When you copy the material below, keep every line exact and omit the pictures.

DATA SHOWN =>

■ ■ ■ ■

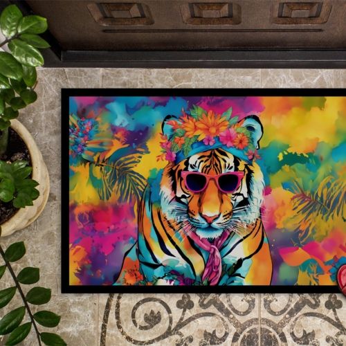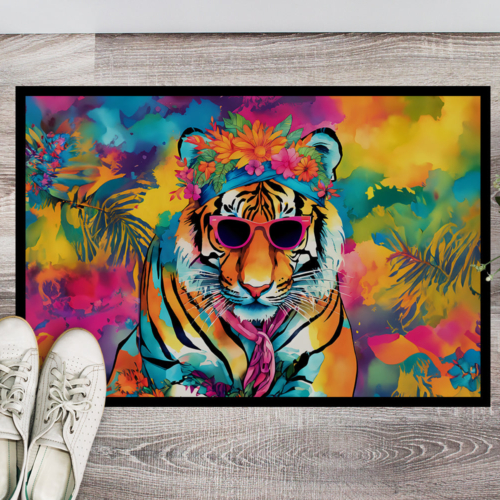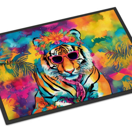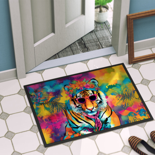 Doormat featuring breed specific Bengal Tiger artwork. Welcome your guests in style with our Artwork Door Mat, designed to withstand almost any weather condition. This mat, measuring approximately 18 by 27 inches, is held together by durable black binding tape. Its top layer, composed of polyester felt, is dyed with the eye-catching image you see on the mat. A few layers below provide the mat with stability, while its rubber bottom is stamped to help prevent slipping and ensures safety. Our mat works wonderfully as both an indoor or outdoor door mat. For cleaning, simply hose it off with water or use a power washer – no need for any cleaner that produces suds. Avoid scrubbing with a brush, instead, opt for the vacuum on floor setting. Designed manufactured and printed in the USA, this mat is a perfect addition to your porch, outdoor kitchen, entryway, or any indoor space. Its unique design makes it a charming decorative rug that greets your guests and adds a stylish touch to your home decor.
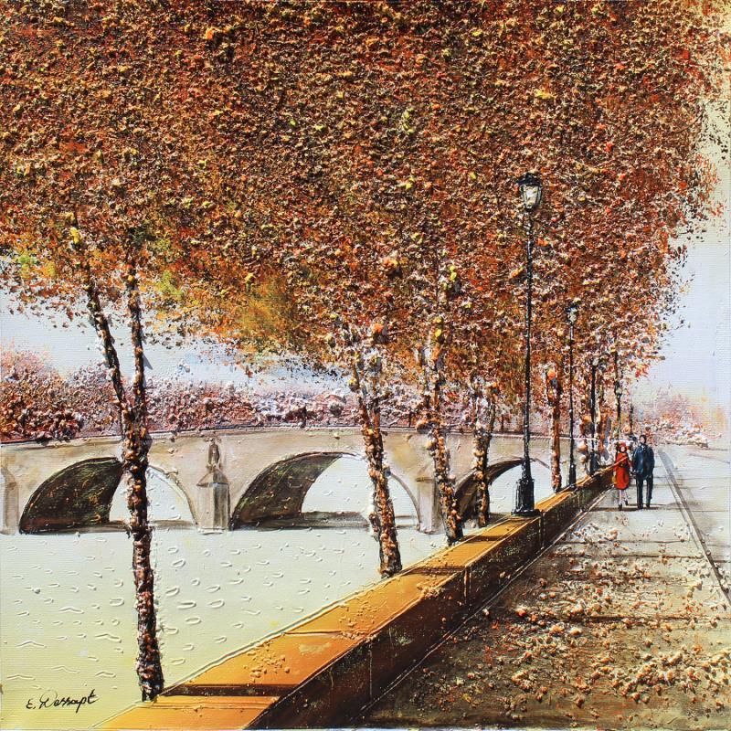 Cette oeuvre d'art contemporain unique et originale "Coucher de soleil sur l'île saint-louis" a été réalisée par l'artiste contemporain Dessapt Elika.
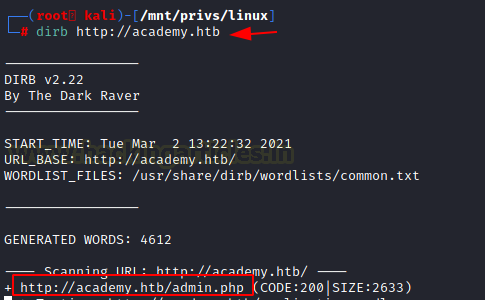 dirb http://academy.htb http://academy.htb/admin.php
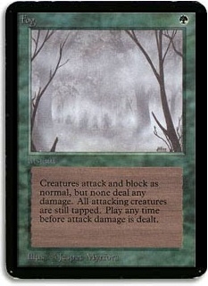 Creatures attack and block as normal, but none deal any damage. All attacking creatures are still tapped. Play any time before attack damage is dealt.

■ ■ ■ ■

EXPECTED OUTPUT =>
 Doormat featuring breed specific Bengal Tiger artwork. Welcome your guests in style with our Artwork Door Mat, designed to withstand almost any weather condition. This mat, measuring approximately 18 by 27 inches, is held together by durable black binding tape. Its top layer, composed of polyester felt, is dyed with the eye-catching image you see on the mat. A few layers below provide the mat with stability, while its rubber bottom is stamped to help prevent slipping and ensures safety. Our mat works wonderfully as both an indoor or outdoor door mat. For cleaning, simply hose it off with water or use a power washer – no need for any cleaner that produces suds. Avoid scrubbing with a brush, instead, opt for the vacuum on floor setting. Designed manufactured and printed in the USA, this mat is a perfect addition to your porch, outdoor kitchen, entryway, or any indoor space. Its unique design makes it a charming decorative rug that greets your guests and adds a stylish touch to your home decor.
 Cette oeuvre d'art contemporain unique et originale "Coucher de soleil sur l'île saint-louis" a été réalisée par l'artiste contemporain Dessapt Elika.
 dirb http://academy.htb http://academy.htb/admin.php
 Creatures attack and block as normal, but none deal any damage. All attacking creatures are still tapped. Play any time before attack damage is dealt.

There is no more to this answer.